Na segunda-feira (15), sete ex-ministros da Justiça das gestões FHC e Luiz Inácio Lula da Silva encaminharam ofício ao STF apoiando o fim da punição a usuários que portam drogas para consumo próprio. Além de Gregori, também assinaram o documento Nelson Jobim, José Carlos Dias, Aloysio Nunes, Miguel Reale Júnior, Márcio Thomaz Bastos e Tarso Genro.

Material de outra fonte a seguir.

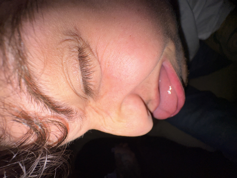 The scene, located in the city of Unknown, Unknown, captures a close-up, diagonal view of an individual's right facial profile. The person is performing a deliberate grimace: the right eye is tightly shut, the brow and nose bridge are heavily wrinkled, and the mouth is open with the tongue slightly protruded. Light stubble is present on the cheek and jawline. Dark, wavy hair is visible on the upper left portion of the head. The individual is partially clothed in what appears to be a dark blue fabric on the lower left and a white fabric on the lower right. The immediate background is uniformly dark, indicating low ambient light or a shallow depth of field, with the subject brightly illuminated by a direct light source.

De acordo com Gregori, o Brasil avançou em 2006 ao aprovar a primeira Lei Antidrogas, mas falhou ao manter uma estrutura policialesca em relação aos dependentes. “A juventude fica ainda menos acessível quando se tem uma receita impositiva, uma receita policial, para querer tirar de um mau encaminhamento que ele [o jovem] deu para a vida”.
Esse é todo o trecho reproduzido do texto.